### [Exercise description]
Pictures are not part of the answer. Return the lines from the one containing "卡梅科Cameco:是一家总" through the end of the data, both included, exactly as they appear.

### [Data block]
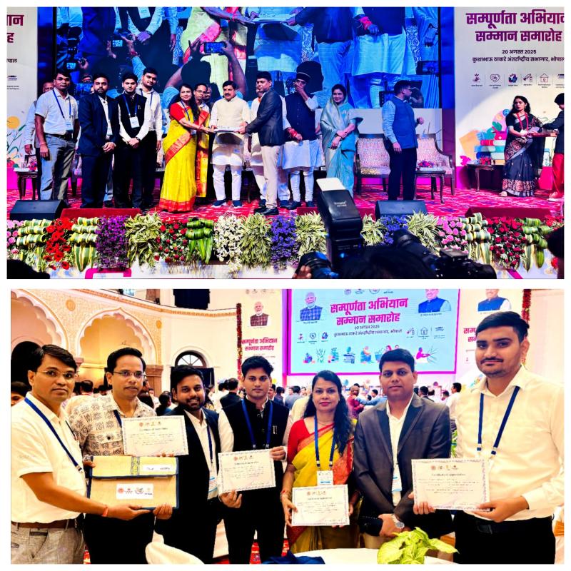 नीति आयोग भारत सरकार द्वारा 20 अगस्त को भोपाल में आयोजित संपूर्णता सम्मान समारोह में माननीय मुख्यमंत्री डॉ मोहन यादव द्वारा सम्मानित किया गया
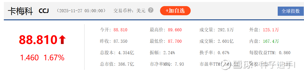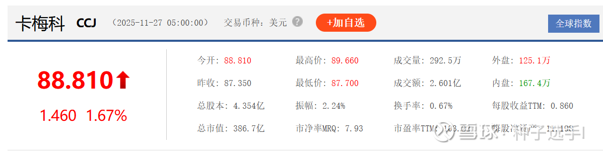 卡梅科Cameco:是一家总部位于加拿大萨斯卡通的铀交易上市公司,中文名为卡梅科公司 。
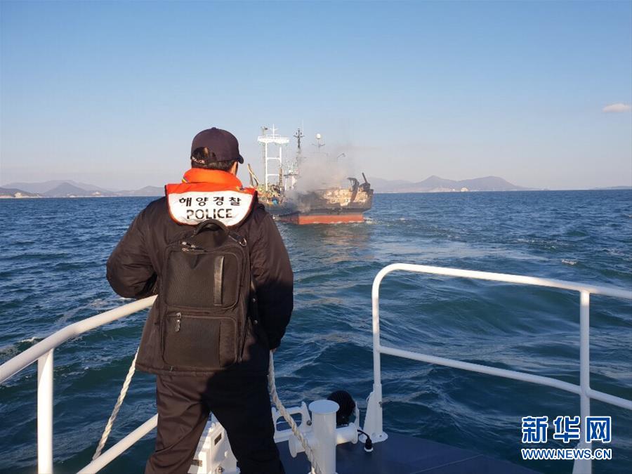 1月17日,在韩国西南部海域,海警搜寻失踪人员。 韩国西南部海域17日发生一起渔船起火事故,截至当地时间当天中午,事故造成越南籍船员一死一伤,一名中国公民失踪。 新华社发(韩国丽水市海洋警察署供图)

### [Response]
 卡梅科Cameco:是一家总部位于加拿大萨斯卡通的铀交易上市公司,中文名为卡梅科公司 。
 1月17日,在韩国西南部海域,海警搜寻失踪人员。 韩国西南部海域17日发生一起渔船起火事故,截至当地时间当天中午,事故造成越南籍船员一死一伤,一名中国公民失踪。 新华社发(韩国丽水市海洋警察署供图)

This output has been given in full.